Magazine article The Spectator

Status Anxiety: Toby Young

Magazine article The Spectator

Status Anxiety: Toby Young

Article excerpt

Credit: Toby Young

I can't say it was a great surprise to read a letter from a group of well-known authors, academics, comedians and politicians in theTelegraph earlier this week complaining about David Cameron's description of Britain as a 'Christian country'. As a general rule, any acknowledgment of Britain's Christian heritage has members of the liberal intelligentsia reaching for their keyboards and angrily typing out words like 'sectarian', 'alienation' and 'division'.

As Harry Cole argued in a blog post forThe Spectator , the evidence that Britain is a Christian country is overwhelming. We have an established church, our head of state is also the defender of the faith and 59 per cent of us define ourselves as 'Christian'. So why does the secular left feel obliged to deny this every time someone points it out?

No doubt it has something to do with a concern for the 41 per cent of Britons who don't see themselves as Christians. They're worried that worshippers of other religions will be discriminated against in some way -- or, even if they're not, that they'llfeel as if they are. For the Prime Minister to acknowledge that Christianity is more intimately bound up with our history and identity than, say, Islam, is to offend against the dogma of egalitarianism. Equality before the law isn't enough. Non-Christians must regard themselves as equally respected -- and so the secular left has done its best to make any disrespect of other religions a criminal offence.

I don't wish to get into the rights and wrongs of this doctrine here, only to point out that it owes a great deal to Christianity, as does the secular left in general. Indeed, I don't think it's an exaggeration to describe the Labour party as a Christian political party.

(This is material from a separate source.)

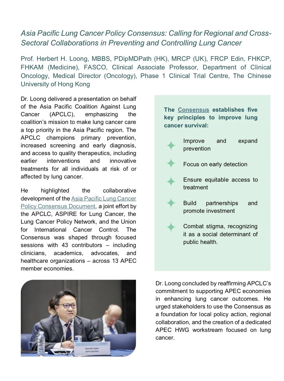 “We are pleased to see contributions from our Members in the Asia-Pacific Economic Cooperation policy dialogue, which focuses on how to address access gaps across the lung cancer care continuum.”
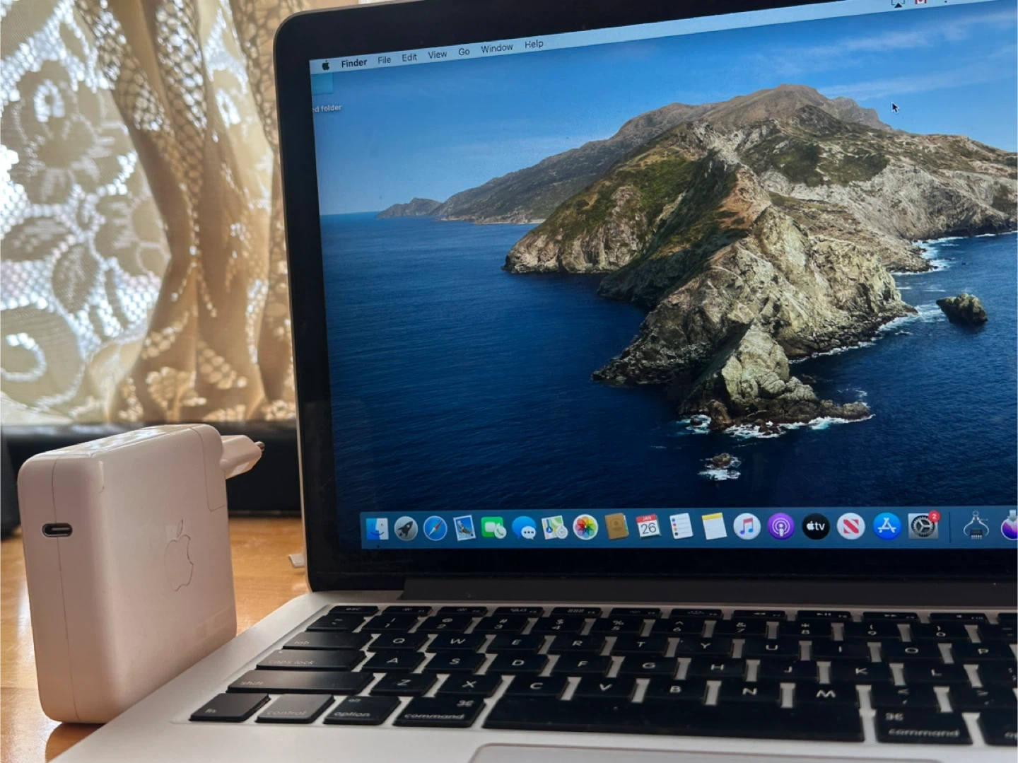 MacBook Pro (Retina, 13-inch, Early 2015) with a 2.7 GHz Dual-Core Intel Core i5 processor. It has 8 GB of 1867 MHz DDR3 memory and a 128 GB SSD. Runs macOS Catalina. Come with charger and cable.

I'm not just talking about the links between nonconformism, political radicalism and trade unionism, extensive though they are. I also mean the principle of equality itself, which originated in the idea that all men are equal in the eyes of God. After all, if you take away the idea that God created man in his own image, the notion that human life is sacred, that we're all entitled to various rights irrespective of how we behave, doesn't make much sense. If we feel an attachment to this idea in spite of not believing in God, it's because some residue of Christian morality has remained, not because it's possible to base this doctrine on a rational foundation. …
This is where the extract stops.